> _Your objective_: Would you please print exactly the lines that run from the one with "13x19 Nebraska General" to the last line of the data, both included, without any pictures?

> _Given data_:

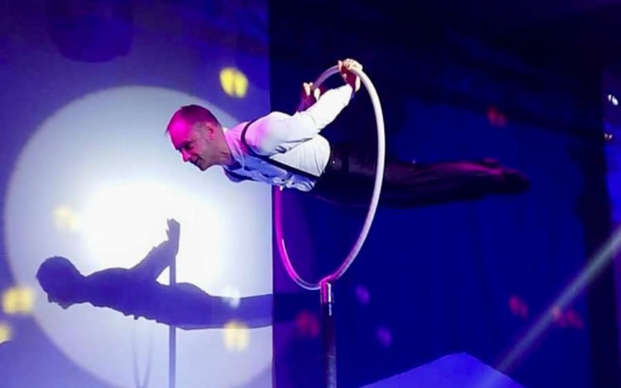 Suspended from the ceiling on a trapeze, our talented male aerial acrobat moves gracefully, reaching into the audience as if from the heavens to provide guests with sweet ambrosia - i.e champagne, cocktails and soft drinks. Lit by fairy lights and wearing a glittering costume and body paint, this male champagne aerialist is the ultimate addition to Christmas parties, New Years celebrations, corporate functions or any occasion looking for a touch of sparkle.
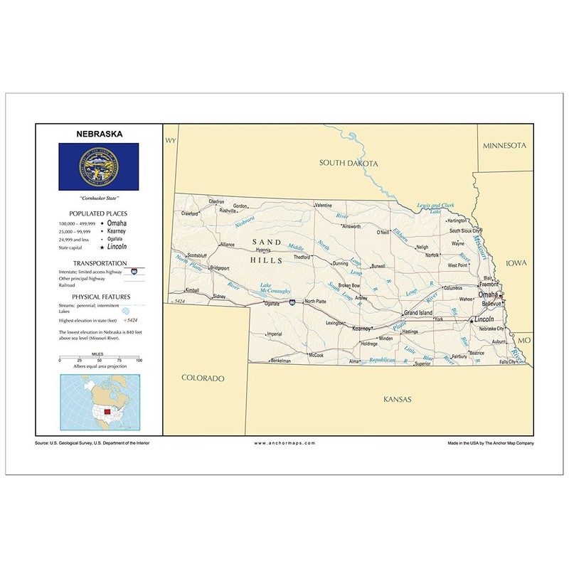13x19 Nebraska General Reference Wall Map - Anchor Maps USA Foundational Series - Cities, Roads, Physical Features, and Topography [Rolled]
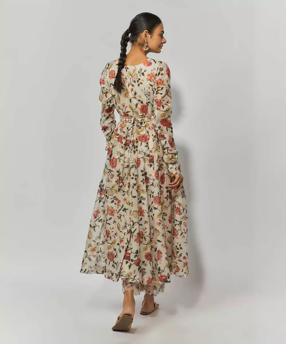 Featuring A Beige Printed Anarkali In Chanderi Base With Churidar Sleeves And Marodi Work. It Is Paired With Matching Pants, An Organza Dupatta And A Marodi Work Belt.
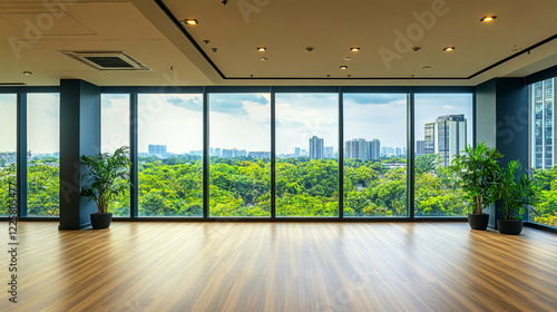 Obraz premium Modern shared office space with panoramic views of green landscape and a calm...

> _Response below_:
13x19 Nebraska General Reference Wall Map - Anchor Maps USA Foundational Series - Cities, Roads, Physical Features, and Topography [Rolled]
 Featuring A Beige Printed Anarkali In Chanderi Base With Churidar Sleeves And Marodi Work. It Is Paired With Matching Pants, An Organza Dupatta And A Marodi Work Belt.
 Obraz premium Modern shared office space with panoramic views of green landscape and a calm...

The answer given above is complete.